Да я сильно зла на дедушку. Тем не менее, как бы там ни было дедушка, по-прежнему, остается самым родным, единственным мужчиной для меня, и потерю его я не переживу. Смотря на главного мужчину в своём доме, начинаю себя винить, за то, что его недомогание это последствие моих прошлых бед, что обрушились на меня в мае. Хоть и понимаю, что все мои беды в частности произошли по вине дедушки, вот так и страдаем друг от друга.
— Я вызову тебе врача. — напугано дрожащим голосом заявляю. — Лейла! — зову женщину на помощь.

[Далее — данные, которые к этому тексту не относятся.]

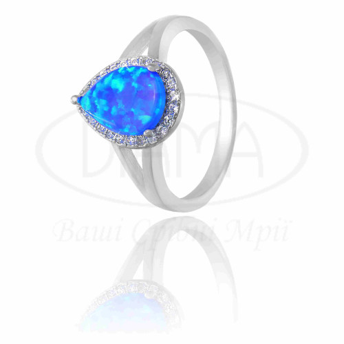 Срібна каблучка з синім Опалом та білим цирконом. Срібло 925 проби, покрите родієм. В наборі присутні каблучка, підвіска та сережки.
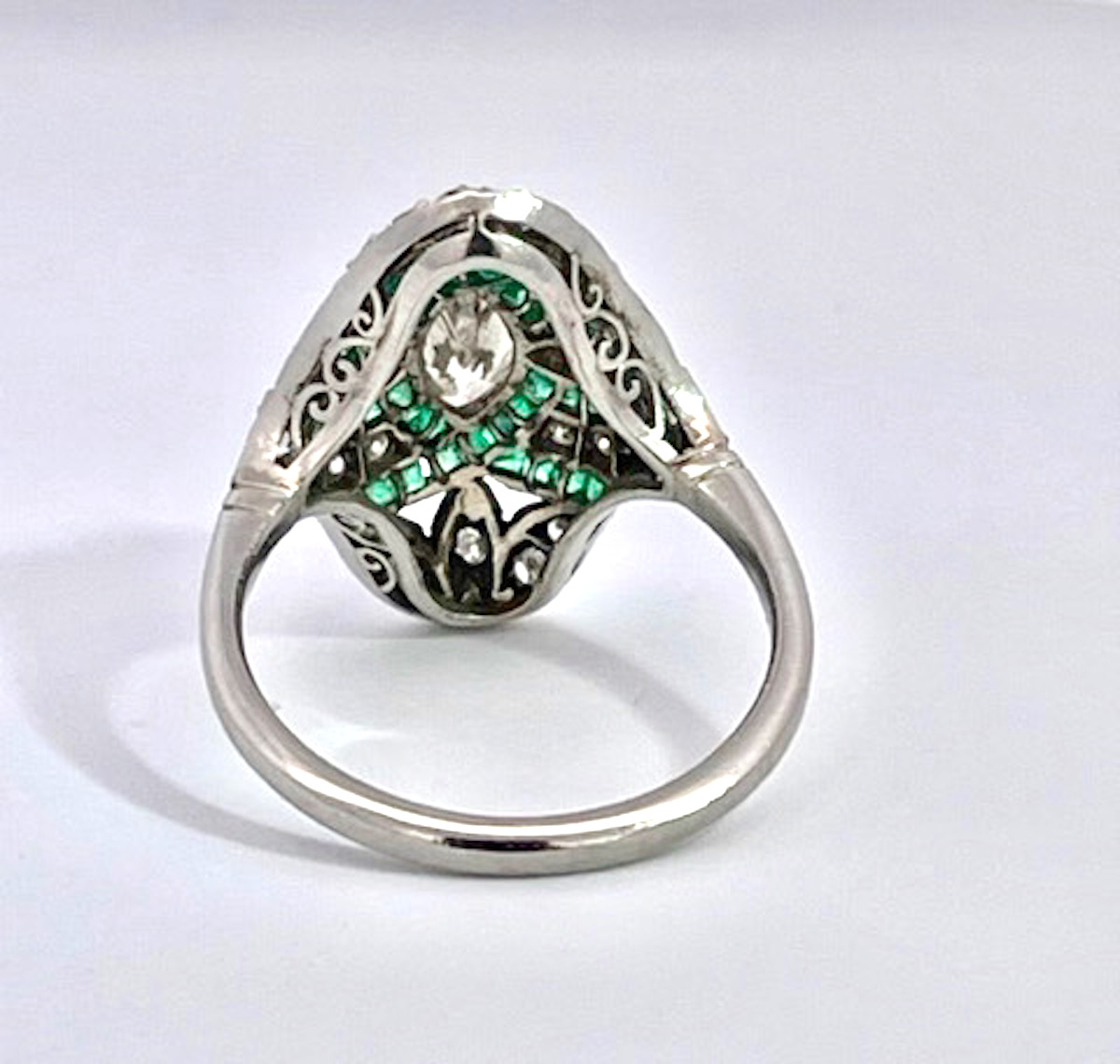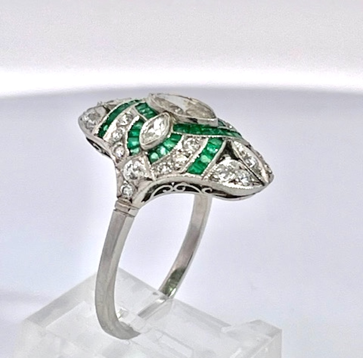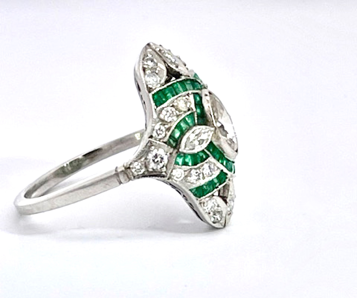 This gorgeous Deco Shuttle ring is done in 18K White Gold. This ring comes out of Spain and is delightful in the design which is double crossed C’s and the size is 20.27 cm x 16.74 cm and ring size 6.5 which is sizable. The main stone is a Diamond Marquis cut of 0.56 carats with curved bands of brilliant cut Emeralds total weight is 0.46 Carats. There are 16 round brilliant cut Diamonds of approximately 1.00 carat. Barcelona was a big center for Art Dco and the Spanish had their own style which is a bit different from the European style. This ring is special and a nice match to the Deco Emerald drop earrings I have listed see item #87099.

Запив таблетку дедушка, поникшим, тихим голосом ответил:
— Не нужно девочка, мои дни уже сочтены. — накрывает своей ладонью телефон, не позволяя мне позвонить доктору.
— Не смей, я запрещаю тебе кликать на себя беду. Ты сам себя довел до такого состояния, а ведь можно было попросить прощения, положив конец обидам и жить как, раньше счастливо не причиняя никому вреда. — с волнением объясняю ему.
Дедушка облокотился на спинку стула и, вытирая слезы с глаз, сказал:
— Внучка, а ты же правильно сказала, я холодный и бесчувственный человек. Да я состоятельный со сказочным богатством правитель этого города, однако, мои деньги не делают нас счастливыми. — поджимая губы, дедушка медленно рассказывал, а я присела, рядом внимательно вслушиваясь в каждое слово — Я вкладываю деньги в благотворительность, но не из-за милосердия, а ради имиджа. Сострадания к людям у меня давно нет. — тяжело вздохнул, переводя дыхание — Наверное, ты сейчас ненавидишь меня, но ты должна знать, что я не всегда таким был. Жизнь подкосила меня после того, как потерял любимую жену и сына наследника. Оставалась ты единственная нетронутая и чистая душа у меня, но и тебя моя любимая, светлая внучку, коварно истерзали три шакала. — протянул руку дедушка к моему лицу нежно вытирая слезы, что стекали по моим щекам. — А после смерть ещё не родившегося ребёнка вырвало из сердца остатки доброты к людям, что я когда-то мог испытывать. Во время своей молодости Серхат Оздемир никогда не отказывал в помощи. Поднимал на ноги бедняков, больных, а в благодарность ничего не прося. Но Аллах не посмотрел на мои заслуги, свалив на голову мне и моим родным большие беды.